As CCPA takes effect, some publishers are complying at a minimum

  •   January 6, 2020

The California Consumer Privacy Act (CCPA) took effect last Wednesday on January 1. And while I received numerous “our privacy policy has changed” emails, it was very challenging to find websites with actual “Do Not Sell My Personal Information” buttons or links.

I finally started seeing them at the end of last week. However, the notices were often very inconspicuous, perhaps as a test of minimum compliance. Indeed, it appears many publishers are trying to call as little attention as possible to the data opt-out option for consumers.

Not making it easy for users to find the opt-out entry point

If you’re not actively looking, you won’t find them

A fairly representative example comes from Time’s homepage. The “Do Not Sell” link is sixth on the list, in the far right column at the very bottom of the homepage. This is not something that would be casually discovered by most site visitors; there’s lots and lots of scrolling required.
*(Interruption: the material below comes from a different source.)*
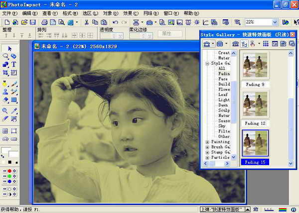 在PhotoImpact的“样式”命令中提供了相当多的色彩样式让你可以直接套用到要修补的照片上,在这里你无须进行任何复杂的编辑操作,只要找到你想要的色彩效果,直接套用就能迅速改变照片的色调与明亮度,非常方便。

It was the essentially same for Pandora, Hulu, The NY Times, WSJ.com and many others. The required links are at the very bottom of their respective homepages, in small fonts.

Netflix hides its opt-out language behind a plain-vanilla “privacy” link on its homepage. The same is true for Amazon. CCPA links are also very difficult to find on both Google and Facebook. Those not actively looking for them won’t find them.

‘Do Not Sell’ links in very small fonts

A user-friendly example — sort of

Conde Nast publications were more user friendly. On Wired, for example, a pop-up notification asks you accept an updated privacy policy; and shortly thereafter a “cookie banner” appears with a relatively conspicuous “Do Not Sell” button at the bottom of the page (see below).

In my unscientific survey of sites I frequent, Conde Nast’s treatment of “Do Not Sell” was the most consistent with the language of the statute, compared with what I would call “grudging” compliance by most of the other publishers, which appear to have consciously buried the links.

There’s no “opt-out” option at all for Amazon, Google and Facebook, which instead point to other mechanisms to control user privacy. Generally, they’re also taking the position that they’re not “selling” personal data. There’s a good deal still to be clarified — and there’s a longer discussion involving Google, Facebook and Amazon — but retargeting is clearly implicated by CCPA.

Conde Nast more ‘clear and conspicuous’

What does ‘clear and conspicuous’ mean exactly?

The statute itself requires publishers to “Provide a clear and conspicuous link on the business’s Internet homepage, titled ‘Do Not Sell My Personal Information,’ to an Internet Web page that enables a consumer, or a person authorized by the consumer, to opt-out of the sale of the consumer’s personal information.”

We can debate the meaning of the phrase “clear and conspicuous” but what most of these publishers are doing, save Conde Nast and a couple of others I found, probably doesn’t qualify. They’re playing hide the ball.

Page 2: dense text and fine print

Lots of exhausting fine print

For those intrepid users who locate the links and click through, the pages that follow are often replete with fine print and complexity. Even Conde Nast, on the better end of the spectrum, presents the above potentially confusing screens. (The highlighting is mine.)

After you “confirm my choices,” you’re taken to a form and required to (wait for it) . . . provide a bunch of personal information. You then receive an email and are required to offer a second confirmation of your choice. All of this takes you away from the article you originally wanted to read.

Different publishers and their software vendors offer somewhat different treatments and user experiences. But there’s frequently lots of dense text and legalese, all of which is going to be exhausting for the average user to contend with. As I’ve argued before, users just seeking read an article are not going to want to take five minutes, at a minimum, to do all of this.

Multiply that by 10 or 20 or 50 sites in a day or week and most users will just carry on as usual for convenience and to avoid “privacy fatigue” — that is if they looked for the “Do Not Sell” links in the first place. Most publishers are probably hoping users either won’t notice or simply give up.

Personal information required to prevent a transfer of personal information

Educate, don’t ‘comply’

These initial efforts to comply with CCPA may uphold the letter but not the spirit of the law. Hiding links at the bottom of the page doesn’t inspire consumer trust or bring more transparency to users. While the path forward is complex and still murky, smart marketers are embracing privacy and not fighting it.

As a practical matter, I also believe these “bottom of the homepage” placements won’t been deemed sufficiently conspicuous and publishers will be compelled to make them more prominent, as well as potentially simplify the entire process. Rather than hoping users won’t notice, publishers and technology providers should be educating them about the benefits of not opting-out — in language that non-lawyers can understand.